- _WORK TO COMPLETE_:
Select all lines holding the word "реализации" from the entries that follow.
Start of EXCERPTED DATA
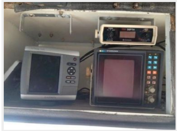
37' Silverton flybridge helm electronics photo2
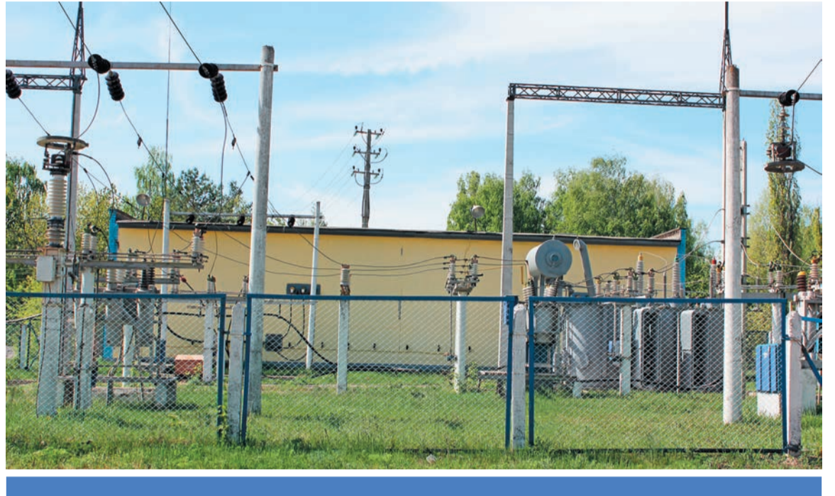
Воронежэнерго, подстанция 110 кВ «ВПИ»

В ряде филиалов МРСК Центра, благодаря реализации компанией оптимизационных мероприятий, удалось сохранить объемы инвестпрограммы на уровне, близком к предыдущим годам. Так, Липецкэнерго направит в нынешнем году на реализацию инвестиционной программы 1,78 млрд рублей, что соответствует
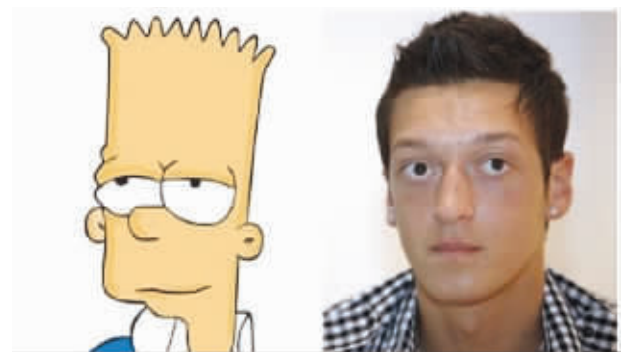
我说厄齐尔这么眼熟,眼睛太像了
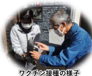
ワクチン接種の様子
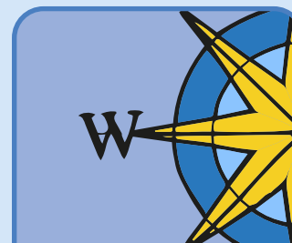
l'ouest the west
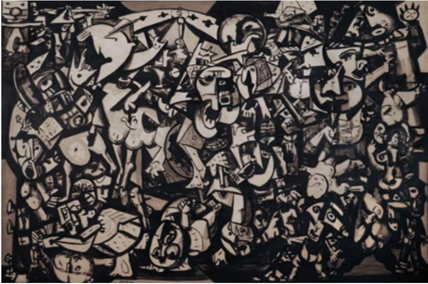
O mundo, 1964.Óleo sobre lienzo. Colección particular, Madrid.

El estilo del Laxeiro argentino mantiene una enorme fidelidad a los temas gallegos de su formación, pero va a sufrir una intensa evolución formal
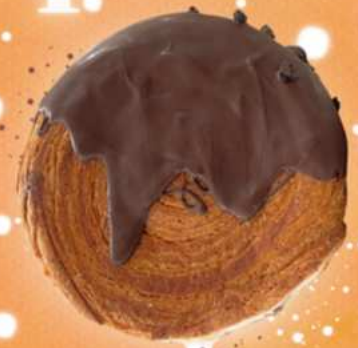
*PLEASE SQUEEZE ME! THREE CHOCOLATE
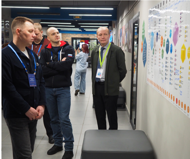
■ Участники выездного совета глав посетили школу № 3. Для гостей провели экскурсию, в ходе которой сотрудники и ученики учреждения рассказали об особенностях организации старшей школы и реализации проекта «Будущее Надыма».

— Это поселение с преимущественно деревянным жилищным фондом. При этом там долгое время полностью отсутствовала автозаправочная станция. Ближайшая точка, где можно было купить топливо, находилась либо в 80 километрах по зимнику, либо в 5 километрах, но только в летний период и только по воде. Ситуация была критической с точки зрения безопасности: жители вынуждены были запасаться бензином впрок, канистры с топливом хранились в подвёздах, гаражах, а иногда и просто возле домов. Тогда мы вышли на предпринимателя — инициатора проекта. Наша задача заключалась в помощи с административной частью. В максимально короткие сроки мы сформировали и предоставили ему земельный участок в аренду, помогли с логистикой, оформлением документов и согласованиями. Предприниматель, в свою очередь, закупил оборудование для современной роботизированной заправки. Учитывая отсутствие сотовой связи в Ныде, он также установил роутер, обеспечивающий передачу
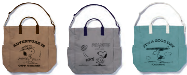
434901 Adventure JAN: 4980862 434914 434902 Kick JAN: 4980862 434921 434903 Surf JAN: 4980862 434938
End of EXCERPTED DATA
Start of EXCERPTED DATA
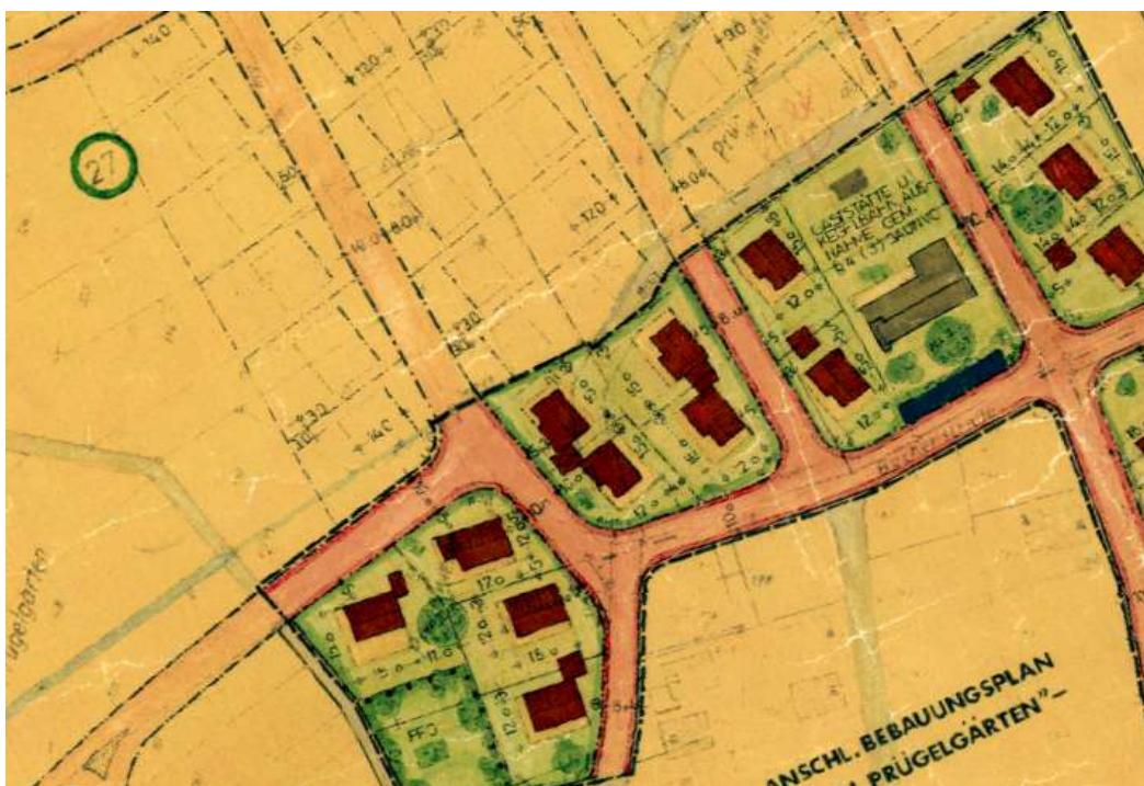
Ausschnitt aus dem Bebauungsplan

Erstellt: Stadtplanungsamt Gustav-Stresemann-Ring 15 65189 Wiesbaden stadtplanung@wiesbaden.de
End of EXCERPTED DATA
Start of EXCERPTED DATA
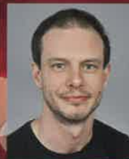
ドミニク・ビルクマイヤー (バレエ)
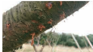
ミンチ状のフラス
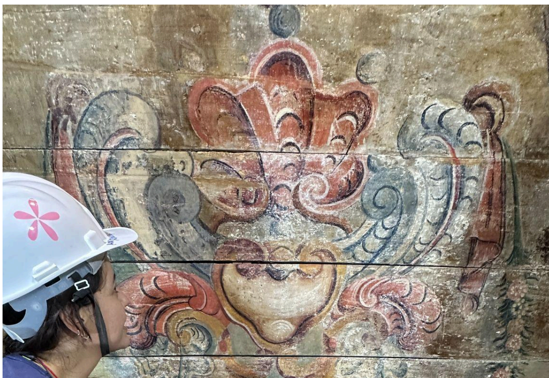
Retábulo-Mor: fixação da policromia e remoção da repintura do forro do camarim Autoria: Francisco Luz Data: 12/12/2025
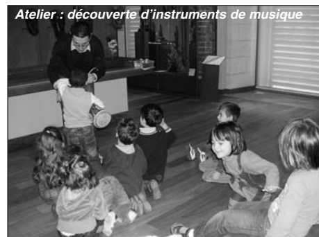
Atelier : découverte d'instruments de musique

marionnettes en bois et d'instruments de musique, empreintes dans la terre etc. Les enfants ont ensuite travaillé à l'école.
End of EXCERPTED DATA
- _EXERCISE RESULT_:
В ряде филиалов МРСК Центра, благодаря реализации компанией оптимизационных мероприятий, удалось сохранить объемы инвестпрограммы на уровне, близком к предыдущим годам. Так, Липецкэнерго направит в нынешнем году на реализацию инвестиционной программы 1,78 млрд рублей, что соответствует
■ Участники выездного совета глав посетили школу № 3. Для гостей провели экскурсию, в ходе которой сотрудники и ученики учреждения рассказали об особенностях организации старшей школы и реализации проекта «Будущее Надыма».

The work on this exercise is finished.